Deddy mengatakan, jalur pertemuan yang dilewati KA Turangga dan Commuter Line Bandung Raya ini melengkung. Alhasil, masinis kurang siap menghadapi benturan, sehingga pengereman tak banyak membantu.

Dalam jangka pendek, para pihak terkait perlu segera memperbaiki pelintasan KA agar segera berjalan normal, tanpa menunggu laporan KNKT. Selain itu, perlu ada pergantian sumber daya manusia di Stasiun Haurpugur dan Stasiun Cicalengka karena kecelakaan ini bukan kesalahan sistem.

Untuk jangka panjang, butuh investasi besar guna memasang Automatic Train Supervision (ATS) di seluruh lokomotif. Setidaknya dalam radius 1 kilometer dapat mendeteksi barang asing, baik logam maupun nonlogam sehingga KA akan berhenti.

“Kalau mau serius ya itu (butuh pembaruan fasilitas), tapi memang mahal. Untuk selamat memang mahal,” ujar Deddy. (AVE)

Foto Aerial Terbaru Tragedi Cicalengka

Sejumlah foto aerial terbaru tabrakan KA Turangga dan KA lokal Bandung Raya di Desa Cikuya, Kecamatan Cicalengka, Kabupaten Bandung, Jawa Barat, Jumat (5/1/2024). Kecelakaan terjadi di sekitar areal persawahan dan cukup jauh dari permukiman.  Hingga Pukul 15.30 proses evakuasi masih berlangsung.

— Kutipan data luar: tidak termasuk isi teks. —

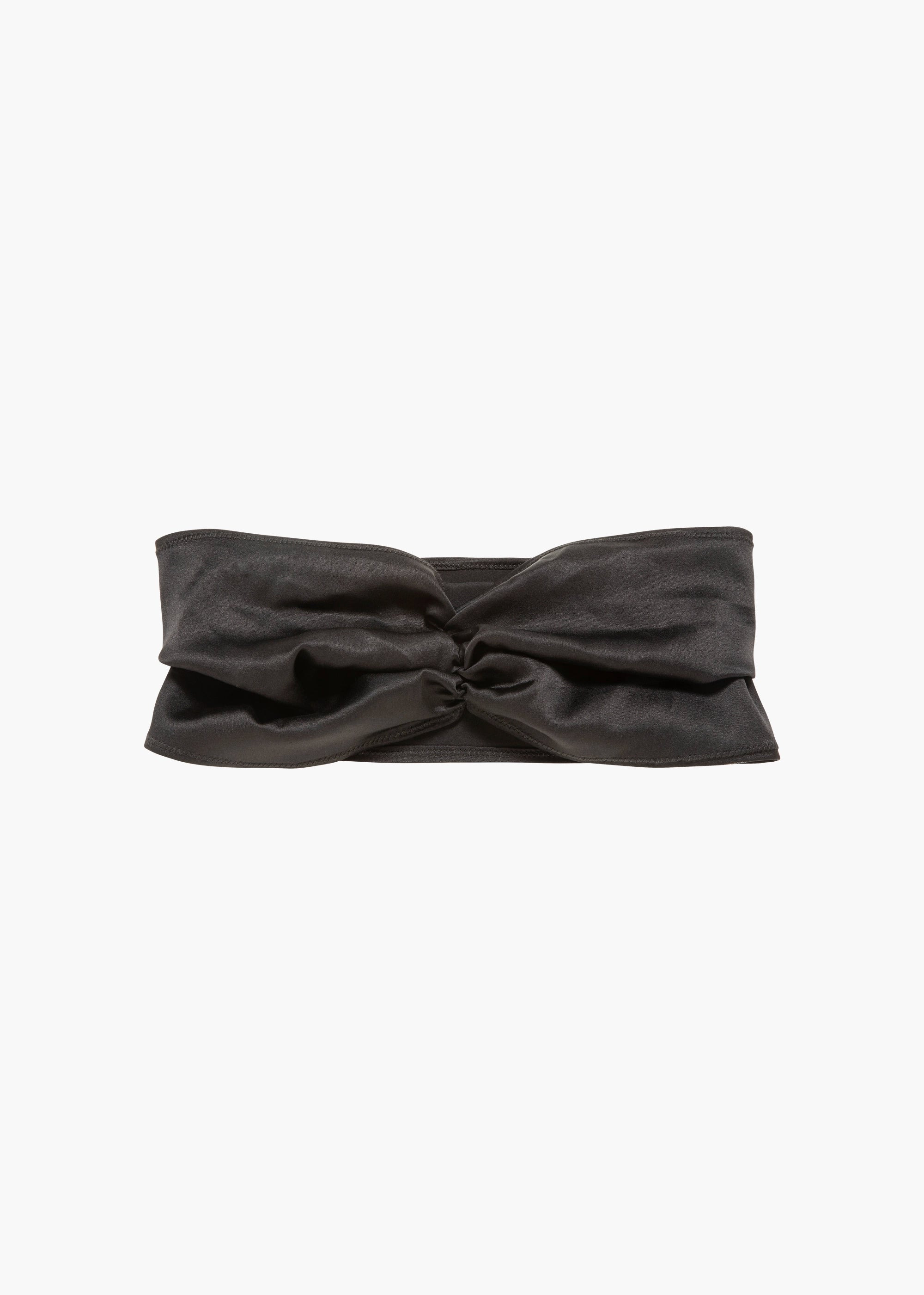 The boudoir-inspired Norma Headwrap channels the magnetic energy of an Old Hollywood starlet. Made by hand in New York, the stretch silk charmeuse is draped by hand to achieve its ultra-specific shape. It can be worn with the gathering in the front, or reversed and worn with the gathering in the back, for two wholly unique looks in one versatile piece. Material The Norma Headwrap is made in New York from hand-draped stretch silk satin, featuring a hand-draped twist accent which can be worn in the front or back. We recommend storing headwraps in their dust bag while not in use. Avoid contact with water, perfume, and other chemicals, including hairspray, which should be used only before placement in the hair.

Adapun tiga orang korban dan sebagian gerbong telah berhasil dievakuasi. (KOMPAS/RIAN SEPTIANDI)

Permohonan Maaf KAI Commuter


KAI Commuter menyampaikan permohonan maaf atas terganggunya operasional perjalanan kereta api akibat kecelakaan kereta api KA Turangga relasi Surabaya Gubeng–Bandung dan Commuter Line Bandung Raya di km 181+700 petak jalan antara Stasiun Haurpugur–Stasiun Cicalengka pada Jumat (5/1/2024).

Hingga Jumat sore, proses evakuasi penumpang kedua kereta telah selesai. Kini, petugas gabungan tengah mengevakuasi kereta dan jalur akibat kejadian tersebut.

Atas kejadian ini, KAI Commuter melakukan rekayasa pola operasi Commuter line di Wilayah 2 Bandung. Untuk commuter line Bandung Raya perjalanan hanya sampai dengan Stasiun Rancaekek. Sedangkan, commuter line lintas Rancaekek, Cicalengka, Cibatu dan Garut dibatalkan. (HLN)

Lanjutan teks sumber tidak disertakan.